Yahoo’s* Pipes is a way for non-programmers to create a means of taking the output of a feed or group of feeds and transmitting them to or ‘piping’ them to another service or services. It doesn’t require programming language, but it does require understanding of programming constructs, such as For Each, filters, as well as understanding what each web service requires as to parameters. I would say its a long way from being the way of enabling mash-ups for everyone, but it’s a good step in the right direction.
I played around with it this morning and could get some pipes to work, but not others, even though I more or less re-created pipes examples like those given as examples. The alpha state of this tool was demonstrated by the fact that a pipe would work one moment, and then stop working the next. I would also say that the application isn’t as intuitive as it would first seem, and the promised tutorials will be needed for programmers and non-programmers alike. However, if you use the debugger, your job is immeasurably simplified.
Danny Ayers mentions about pipes only supporting RSS 2.0 feeds, but I was able to get an Atom feed to work. I agree with him that the pipes metaphore is near perfect on the concept, and the UI is rather nice. However, The UI is also something that works when browsers support a common graphical API, such as SVG, or at a minimum, the Canvas object. You can do almost anything in a web page browser once we have universal agreement on one or the other, or both. It does work in IE, so I would say the application is making use of the SVG/VML plug-in from Adobe. Whatever you do, don’t use Firebug in Firefox on the Mac, to try and peek into the innards, because you’ll crash your browser.
The major area of failure with this example is it utilizes a graphical interface when it doesn’t require a graphical interface. The ability to create a pipe between applications could be managed using traditional forms or even a text editor. Expanding the interface would enable this application to be open to all people, rather than just those with scripting turned on and working eyes, working arms, fingers to push mouse buttons, and so on.
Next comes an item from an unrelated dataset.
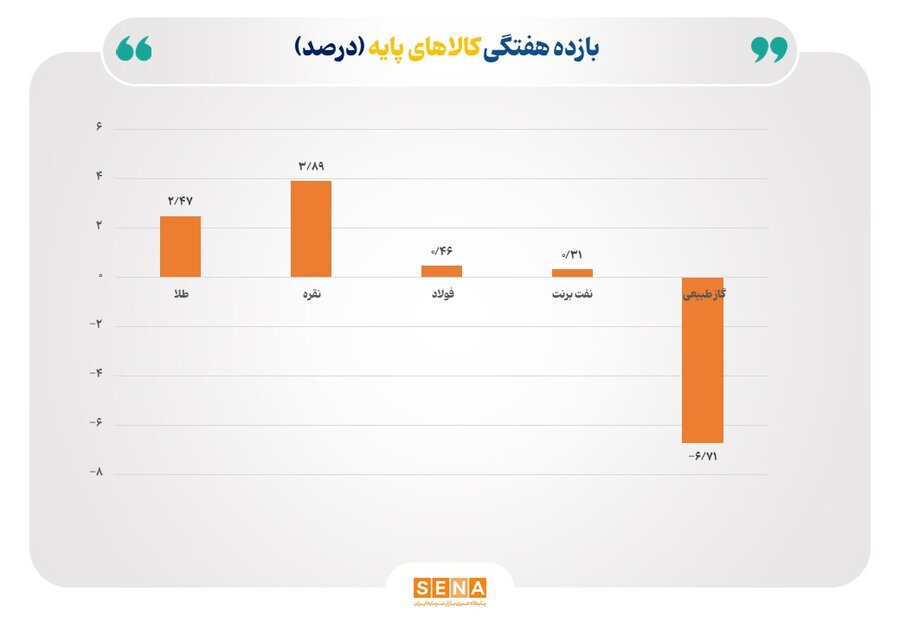 نرخ گاز طبیعی با کاهش شدید ۶.۷۱٪ مواجه شد که بزرگترین افت هفتگی در میان بازارهای بررسیشده است. این کاهش به دلیل افزایش تولید داخلی در آمریکا، کاهش تقاضا به علت هوای معتدلتر از حد انتظار در نیمکره شمالی، و ذخایر بالای گاز در کشورهای مصرفکننده رخ داده است.

We have to separate the concept from the ‘coolness’ of the UI: if we marry the two, we’re heading down the wrong path.
One other area where the example is limited is that it does go to the original source for the feeds, when it would be better if it had the ability to store feed requests in a ‘cloud’ for each use of the tool, and then check the cloud, first, before going directly to the source. That way the application doesn’t unduly hammer endpoints.
A last area of improvement is to provide an API to access that content analysis module. I haven’t worked with Yahoo’s APIs over much (I have the UI objects), and perhaps this already exists? All the other components are ones that we can implement ourselves, but that Yahoo content analysis seems like its a direct shot into the Yahoo search engine functionality.
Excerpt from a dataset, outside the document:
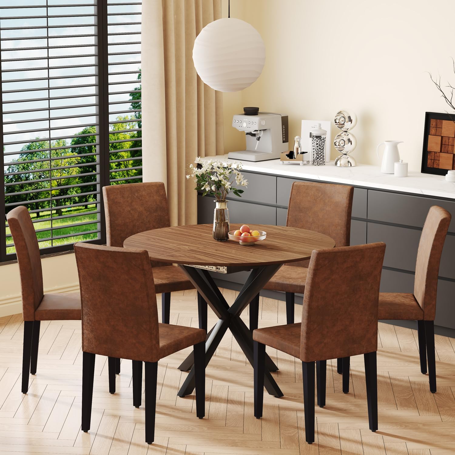 This Round Dining Table Set for 6 combines timeless mid-century modern design with practical functionality, making it an ideal centerpiece for your home’s dining or kitchen area. The set includes one extendable round table and six brown suede upholstered chairs, offering both style and comfort for everyday meals or special occasions. With its smooth faux wood grain finish that mimics natural walnut, the table brings warmth and elegance to any interior space. The compact yet versatile round shape ensures easy conversation flow, while the cross-leg base adds visual interest and structural stability.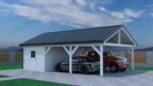 Bianco to solidna i stylowa wiata garażowa z przeznaczeniem na dwa auta. Wiata wraz z pomieszczeniem gospodarczym

Yahoo is to be commended for dancing nicely on the edge. Once we’re past the alpha state, and hopefully once we’re past the accessibility problems, it will be interesting to see if the only people who use the service are programmers, or if it will reach a more general audience. I’d like to see this extended to a more distributed solution that’s not dependent on one service.
I look for a hook-in into this from Flickr, which is Yahoo’s naive user test bed. All of us interested in the semantic web should get some real insights into how non-techs ‘mash-up’ data.
update
Yup it’s using the canvas object, and Google’s open source Explorer Canvas work around for IE.
*I don’t use Yahoo! anymore because the exclamation point irritates me.